Esta é a verba que banca projetos como a compra de caças do projeto FX-2, que envolvem os Gripen suecos, pela Aeronáutica; de lançadores múltiplos de foguetes, pelo Exército; e de submarinos de propulsão nuclear, pela Marinha. Desde o começo do mandato de Jair Bolsonaro, as Forças Armadas vêm buscando — e conseguindo — ampliar seu orçamento.
Na ofensiva mais recente, o Ministério da Defesa incluiu na Política Nacional de Defesa (PND) e na Estratégia Nacional de Defesa (END) a intenção de que o orçamento do setor chegue a 2% do PIB. Os textos foram enviados ao Congresso Nacional.
Nos documentos, o governo passou a prever uma “rivalidade entre Estados” na esfera regional e relacionou essa “rivalidade” a uma necessidade de ampliação dos gastos militares. O governo Bolsonaro já expôs suas divergências com o regime de Nicolás Maduro na Venezuela — não reconhecido pelo Brasil — e manifestou sua insatisfação com a eleição de Alberto Fernández para a presidência da Argentina. Não há citação específica aos países nos documentos.
Caso a regra desejada de se alcançar os 2% do PIB já estivesse em vigor, os gastos totais com as Forças teriam alcançado R$ 146 bilhões no ano passado, R$ 49,1 bilhões a mais do que foi efetivamente desembolsado. O Ministério da Defesa, sob Bolsonaro, já teve um aumento de gastos superior ao crescimento registrado em ministérios como Educação, Saúde, Agricultura e Relações Exteriores. O grosso dos gastos das Forças é com a folha de pagamento do pessoal da ativa e da reserva.

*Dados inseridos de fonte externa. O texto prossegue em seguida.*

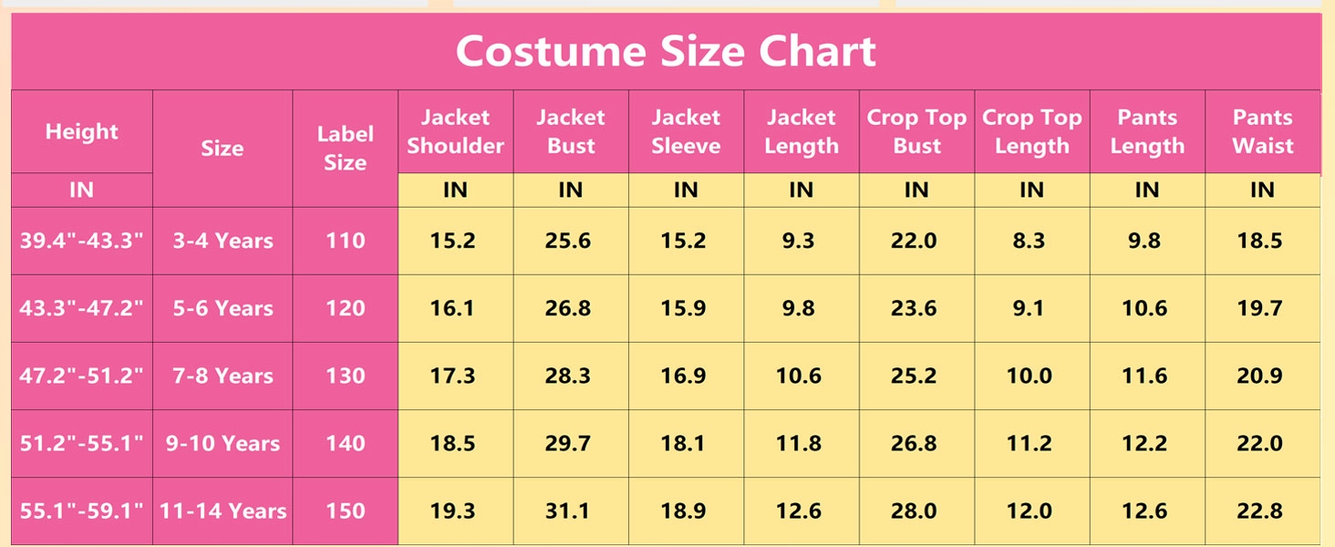 ✨Размер: Этот комплект костюмов поп-певицы подходит для девочек от 3 до 14 лет. Однако обратите внимание, что возраст — это лишь рекомендуемый возрастной диапазон. Подробную информацию можно найти в размерной таблице, содержащей данные о росте и обхвате груди.
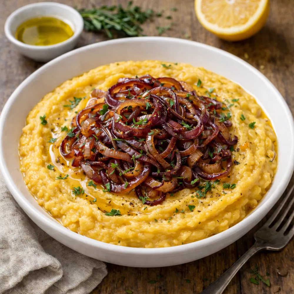 Karamellisierte Zwiebeln zubereiten (optional): Während die Fava kocht, kannst du die karamellisierten Zwiebeln zubereiten. Erhitze 1 EL Olivenöl in einer Pfanne bei mittlerer Hitze. Gib die Zwiebelringe hinzu und brate sie unter gelegentlichem Rühren etwa 10-15 Minuten an, bis sie weich und leicht gebräunt sind. Füge den Zucker und eine Prise Salz hinzu und brate sie weitere 5-7 Minuten, bis sie goldbraun und süß sind. Wenn du möchtest, kannst du am Ende den Rotweinessig hinzufügen und kurz aufkochen lassen, bis er verdampft ist. Dies verleiht den Zwiebeln eine schöne Säure.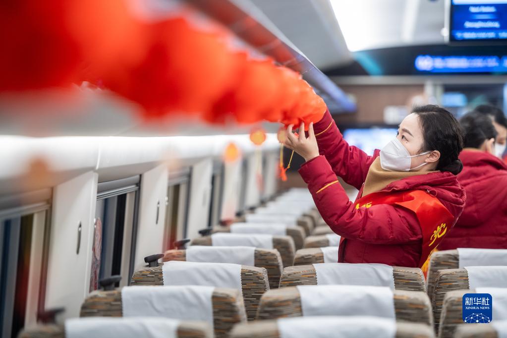 1月7日,在湖北武漢站,乘務員在列車上掛燈籠。
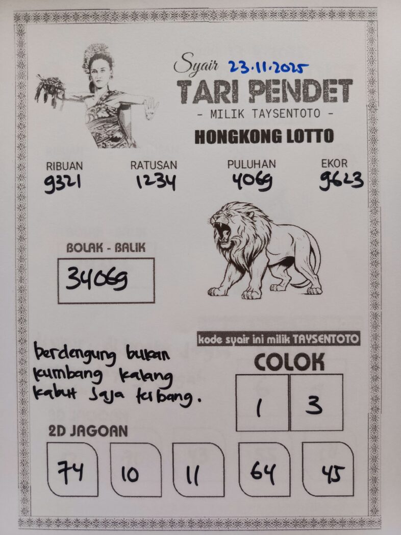 Syair Tari Pendet HK Hari Minggu, 23 November 2025

O projeto do Orçamento da União para 2021 deve ser encaminhado neste mês ao Congresso. Apesar do pedido de mais recursos para investimentos, não há previsão de novos projetos, e os valores a mais seriam destinados aos que já estão em andamento. A pasta sustenta que o valor pedido seria condizente com uma média histórica. O orçamento de investimentos da pasta chegou a R$ 9,9 bilhões em 2017 e caiu nos dois anos posteriores, chegando a R$ 6,5 bilhões no ano passado.
Além do pedido por mais recursos, os materiais enviados ao Congresso citam formalmente a meritocracia como critério para capacitação de quadros militares e novas contratações. E uma estratégia para as Forças Armadas, também na área de formação educacional, prevê o desenvolvimento de programas que despertem um “sentimento de patriotismo”.
“Patriotismo”
A lei determina que PND e END — e o chamado Livro Branco, uma espécie de inventário da estrutura das Forças — sejam atualizados a cada quatro anos. Os textos são protocolares e genéricos, tidos como documentos de Estado, independentes do governo de ocasião.

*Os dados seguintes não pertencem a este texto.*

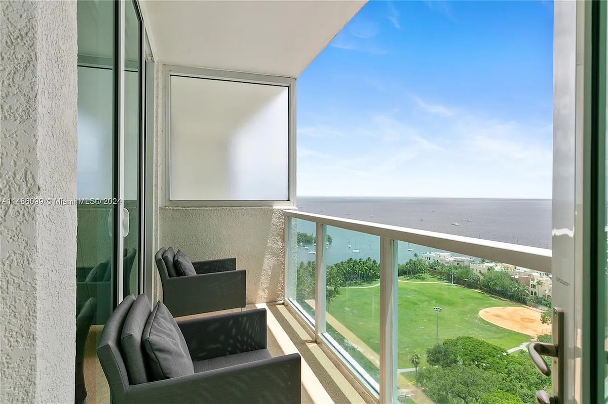 - Njut av fantastisk utsikt över bukten och solnedgångar i denna helt ombyggda Coconut Grove-lägenhet - Privat balkong perfekt för avkoppling och för att njuta av de natursköna omgivningarna - Full tillgång till byggnadens bekvämligheter, inklusive gym, pool, bastu/ångrum och jacuzzi - Restaurang på plats, parkeringsservice och säkerhet dygnet runt. - Beläget bara några steg från Coconut Groves bästa restauranger, affärer och marinor - Fullt utrustat kök, lyxig överdimensionerad dusch och mysigt sovrum med skrivbord.
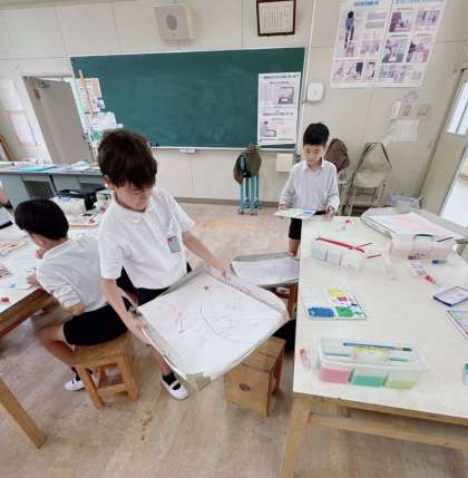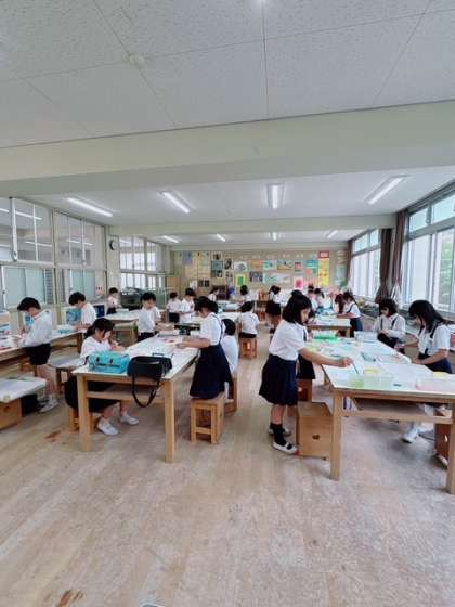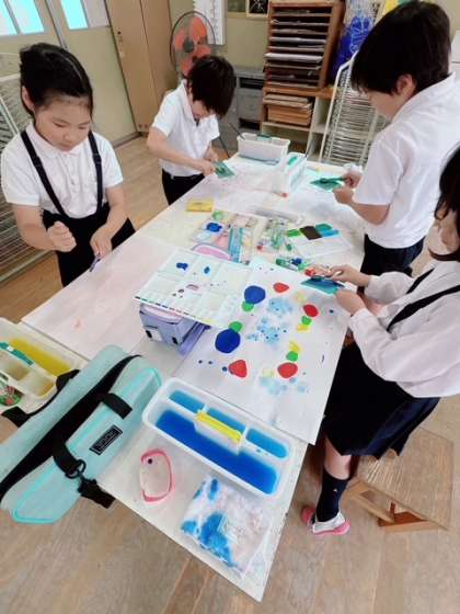 図画工作科「ぎゅうぎゅうにつめこむと」では、スパッタリングやドリッピンクなど様々な技法を使い、画用紙に模様を描くことができました。

O GLOBO comparou o conteúdo atualizado em 2020 com os documentos atualizados em 2012 e em 2016, nas gestões de Dilma Rousseff e Michel Temer, respectivamente.
Na Estratégia Nacional de Defesa, no capítulo que trata de capacitação e dotação de recursos humanos, uma nova estratégia integra as diretrizes da defesa nacional: “Valorizar a meritocracia e a formação continuada”. O termo "meritocracia" não aparece nos documentos atualizados em 2012 e 2016.

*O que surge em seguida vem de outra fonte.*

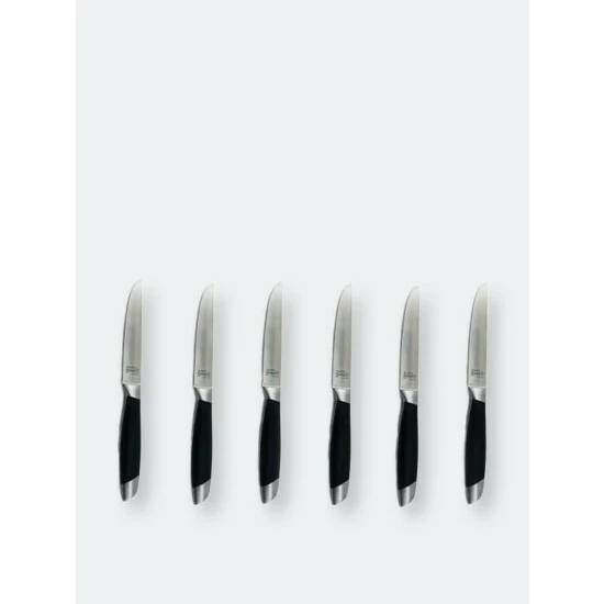This Geminis 6 Pieces steak knife set is a must-have for mealtime. Durable stainless steel blades ensure precision and accuracy. Triple-riveted handles provide a secure, comfortable grip. Six 5-in. steak knives, stainless steel, hand wash only.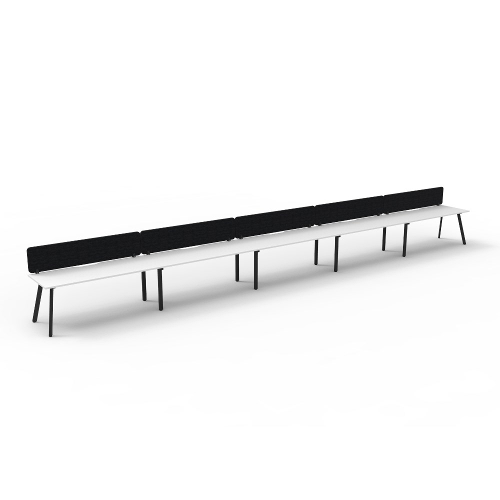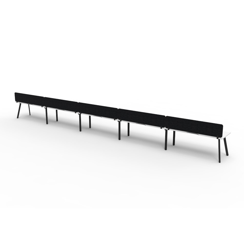 5 person single sided workstation with Natural White top and Black Satin frame, Black Eco screen.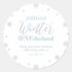 Cet autocollant mignon 1er anniversaire présente des flocons de neige bleu et argent clair et une typographie stylisée "Winter ONEderland". Idéal pour une fête d'hiver à thème de pays des merveilles. Les invitations et les fournitures de fête correspondants sont disponibles dans ma boutique BaraBomDesign.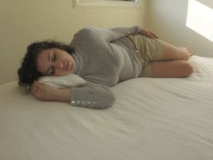 When side sleeping, hug a large pillow and put a pillow between your knees–or use a body pillow. Also, make sure your head pillow is tall enough. It should be about 5 inches (for most people) when compressed–your head should not be pushed up or down but paralell with the bed.

A atualização das diretrizes feita no governo Bolsonaro também deixou explícito o desejo de promoção do “sentimento de patriotismo”. O termo aparece três vezes na END de 2020, enquanto é citado uma única vez no documento de 2016 e nenhuma no de 2012.
Uma nova estratégia surgiu no documento: “Fortalecer o sentimento coletivo, o patriotismo e a adesão da sociedade brasileira aos esforços de defesa do país.” Uma segunda foi adaptada. Antes, tratava-se de “contribuir para a ampliação de programas educacionais que visem à promoção da cidadania”. Agora, “contribuir para a ampliação de programas educacionais e desportivos, que visem à promoção da cidadania e do sentimento de patriotismo.”
Antes do envio dos documentos ao Congresso, duas inovações já haviam se tornado públicas: a intenção de elevar o orçamento da área a 2% do PIB e a previsão de “tensões e crises” nas áreas vizinhas ao Brasil. Os militares levam em conta como próximas uma região chamada de “entorno estratégico”, que inclui a América do Sul e a extensão do Atlântico até a costa da África Ocidental.